The reality self defines. For example, a financial services trader reviews lots of unconnected bits of data before the buy/sell button is hit. His reality is how he joins the data to make the decision. Semantic rules, which add meaning/context/cognition to the data links, allow machines to replicate the decision.
This basic bit of self defining reality applies only to that individual trader but I've often wondered what would happen if you joined lots of little bits of reality from lots of different domains together. Some sort of consciousness perhaps?
I remain sceptical about Internet consciousness. Junk data produces junk semantics/cognition so who is going to pay for the clean up? And whilst I doubt the ability of any algorithm to take account of local variations, even if one did succeed, junk data would very probably degrade its efficiency.

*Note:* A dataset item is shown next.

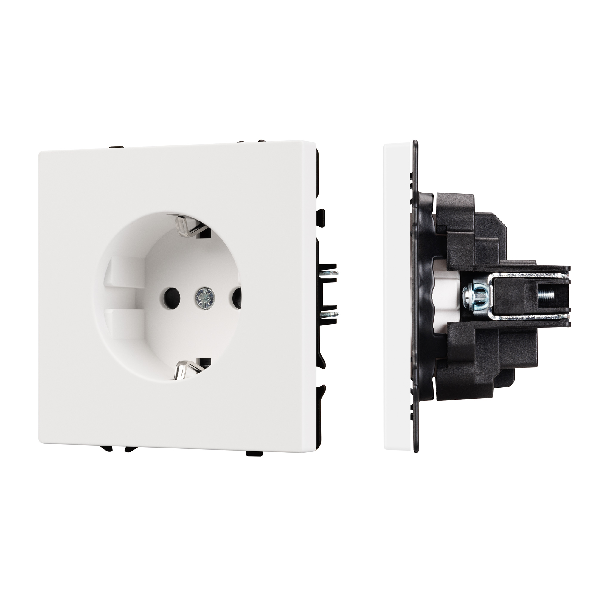 Строгие геометрические линии гармонично сочетаются с функциональностью продуманных механизмов, создавая идеальное решение для дизайн-проектов, где важны как эстетика, так и практичность. Механизм розетки с заземлением совместим с рамками серии NOBE, создает утонченный минималистичный вид. Скрытый тип монтажа позволяет гармонично встроить в интерьер любого современного дизайн-проекта. Видимая часть механизма выполнена из высококачественного пластика белого цвета и имеет Soft-Touch покрытие, что придает изделию приятные тактильные ощущения и стильный внешний вид. Розетка оснащена заземляющими контактами и защитными шторками, обеспечивая надежное и безопасное подключение электроприборов. Соединение посредством быстрозажимных контактов, позволяет надежно подсоединить механизм розетки к питающим элементам, минимизируя затраченное время на монтаж. А усиленные распорные лапки двойного захвата надежно фиксируют механизм в установочном подрозетнике круглого сечения диаметром 60мм. Суппорт окрашен в черный матовый цвет под основу механизма и выполнен из металла толщиной 1,5мм, что обеспечивает безопасность и уверенность в установке. На каждой стороне суппорта размещены фиксирующие элементы, позволяющие комбинировать механизмы в системы до 5шт как горизонтально, так и вертикально.

The emergence of consciousness'' follows determinate laws and should be configurable by a sufficiently complex machine system'
I find this bit difficult. Most CFO's crunch quarterly numbers manually in a spreadsheet as the results coming out of their latest IT are unreliable. Machines are good at logic but it is astounding they cannot be configured to keep up with the comparatively simple reality of a CFO's book keeping. I agree with Ray Lane: IT is now so complex and chaotic, fixes take weeks if not months, can be sidelined if they're difficult, and are rarely tested for effects on the rest of the system.
Consciousness is probably several orders of magnitude even more complex and faster changing. We really need another approach to how we configure IT. Separating data from the logic/software is a start in the right direction perhaps.
'By dynamic emergence of consciousness I take it you mean moving pattern generation that approximates the 3 D world?'
I hadn't thought of it in those terms. Maybe they do fit. The brain ' in this case the data layer - the machine and the environment each change constantly at multiple levels. Assuming we have a brain baseline from which to measure, we can monitor such change and the effects of upward and downward causation as the three interact. My idea is that upward causation happens when machine actions affect cognitive operations in the data layer and downward causation happens at multiple levels when cognitive decisions driven by external change impact machine activity at multiple levels. How that data is delivered to the brain from the machine and collected back could be expressed in patterns I suppose. More your bag than mine I think!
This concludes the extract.